Electrophysiological evidence indicates that mu-opioid receptor activation within the VP diminishes GABAergic and DAergic inhibitory responses while enhancing glutamatergic excitatory responses. Electrical stimulation of the VTA resulted in DA release in the VP that was attenuated by microiontophoretic application of DAMGO into the VP (Mitrovic and Napier, 2002). The predominant effect of VTA stimulation was to decrease neuronal firing within the VP (Mitrovic and Napier, 2002). Electrical stimulation of the NAc resulted in GABAergic-mediated inhibition of neuronal firing within the VP, and this inhibition was reduced by microiontophoretic application of DAMGO into the VP (Napier and Mitrovic, 1999). Administration of DAMGO into the VP potentiated the ability of glutamate to elicit excitatory post-synaptic potentials in projection neurons, but did not appear to influence glutamate release from glutamatergic fibers from the amygdala or medial prefrontal cortex (Mitrovic and Napier, 1998). The present data would seem to indicate that at least some of these neurochemical alterations by mu-opioid receptor stimulation in the VP and VTA are relevant to the ability of heroin to modify the brain processes that underlie cocaine self-administration.
In conclusion, mu-opioid receptors in the VP or VTA appear to be necessary for the ability of heroin to alter cocaine self-administration. We hypothesize that heroin alters cocaine reinforcement with co-self-administration by inhibiting GABAergic projection neurons from the NAc to the VP through mu-opioid receptors in the VP and local GABAergic interneurons in the VTA. Previous findings indicating that diminished mu-opioid receptor activation in the VP is correlated with a negative affective state strengthens the notion that this receptor population is pertinent for the study of reinforcement mechanisms (Zubieta et al, 2003). Future studies using DAergic, GABAergic, or glutamatergic antagonists or assessment of these neurotransmitter levels in the VP or VTA by microdialysis during cocaine/heroin self-administration could assist in understanding the relevant mechanisms related to mu-opioid receptor activation in these regions and reinforcement resulting from cocaine/heroin combinations.
ACKNOWLEDGEMENTS
The conduct of this experiment was consistent with the ethical standards outlined in Principles of laboratory animal care (NIH publication No. 80-23, revised 1996). This research was supported by Grants from the National Institute on Drug Abuse: DA 12498, DA 06634, DA 03628, and DA00114 (to JES) and from the National Institute on Neurodegenerative Disorders and Stroke: NS38231 (to TJM).

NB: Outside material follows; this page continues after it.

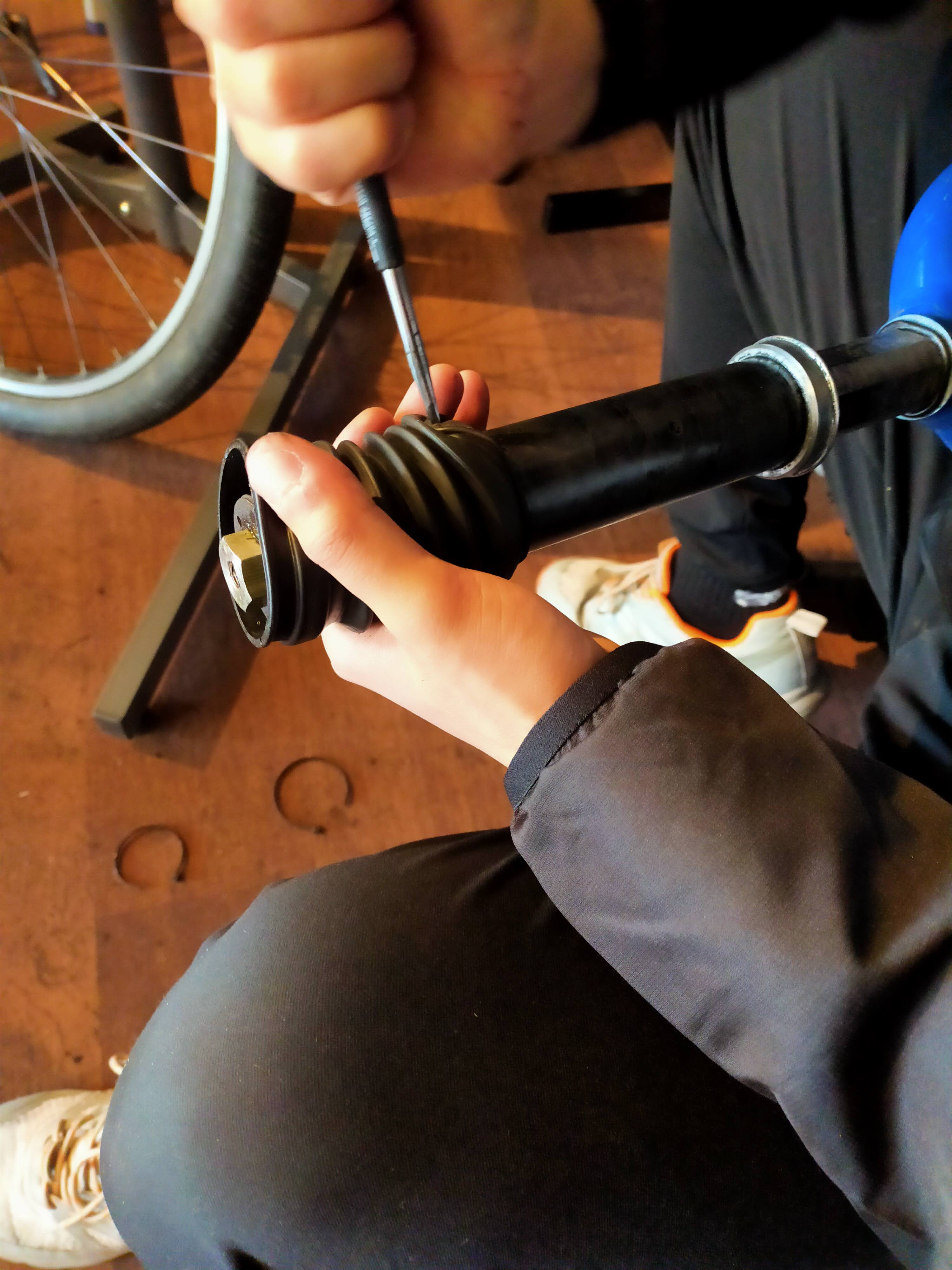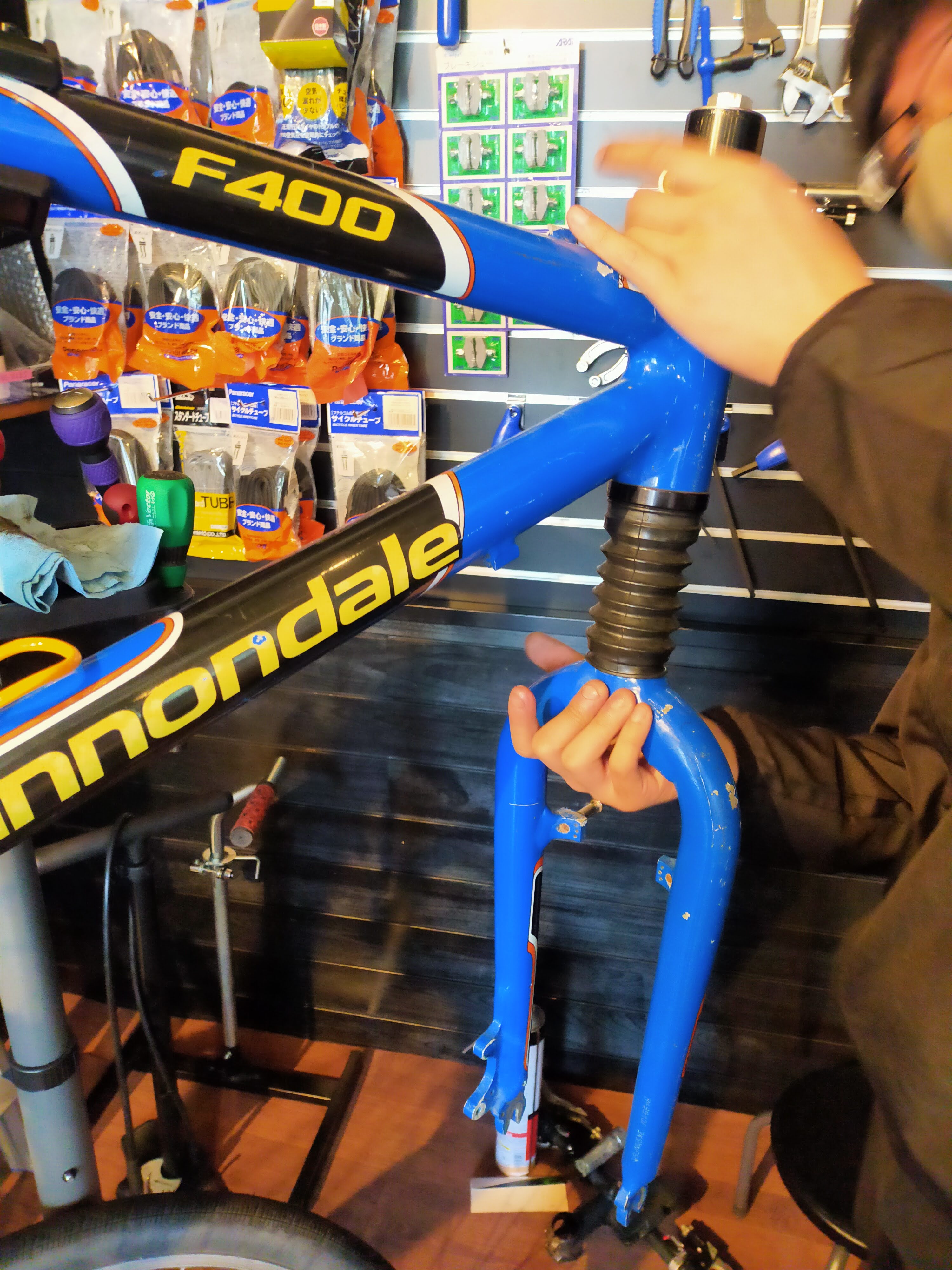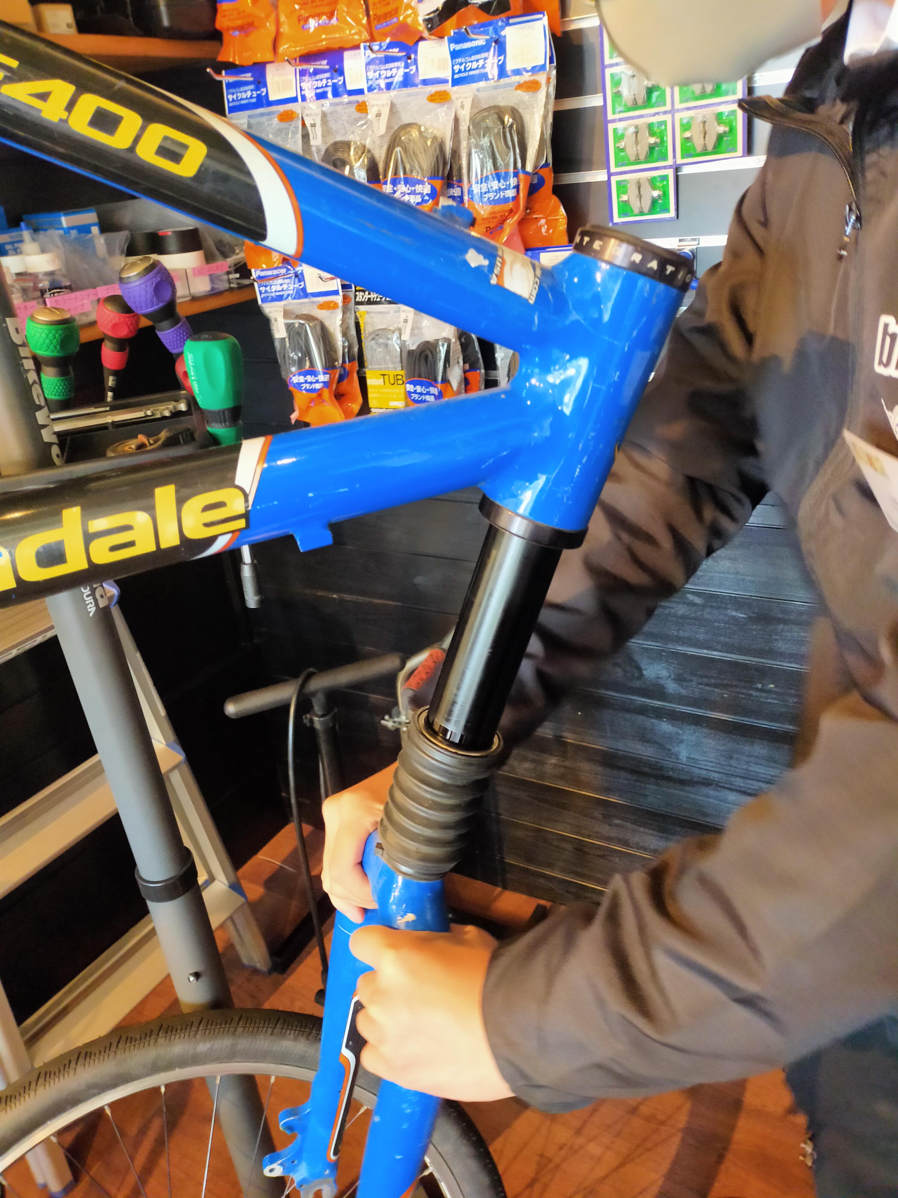 お持込み頂いたバイクは、20年近く前のモデルで、ヘッドショック(Cannondale独自の機構で、フロントサスペンションの一種)の動きが非常に渋くなっておりました。
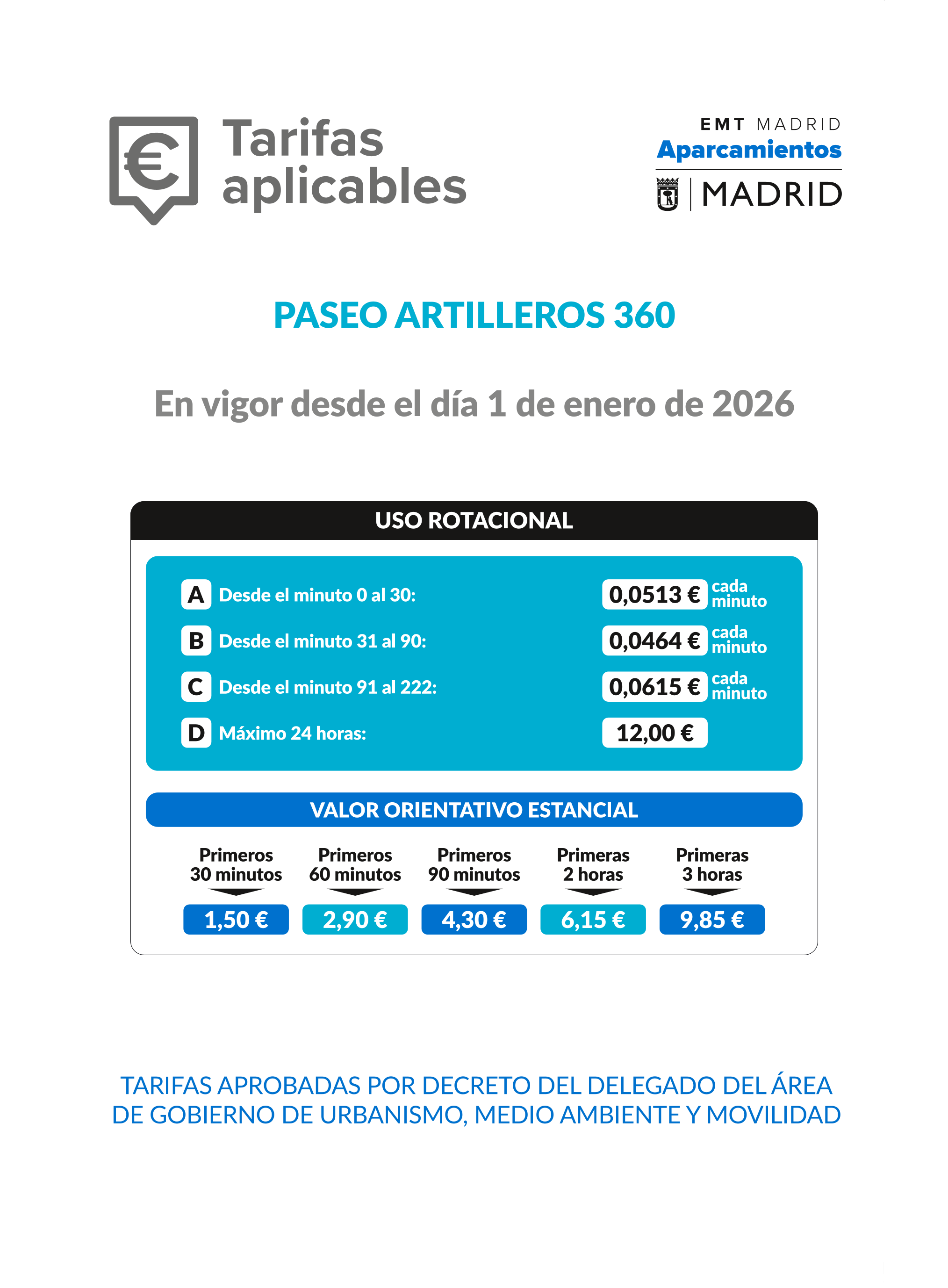 Tarifas reducidas para el aparcamiento Paseo de Artilleros 360

DISCLOSURE/CONFLICT OF INTEREST
The authors declare that, except for income received from their primary employer, no financial support or compensation has been received from any individual or corporate entity over the past 3 years for research or professional service and there are no personal financial holdings that could be perceived as constituting a potential conflict of interest.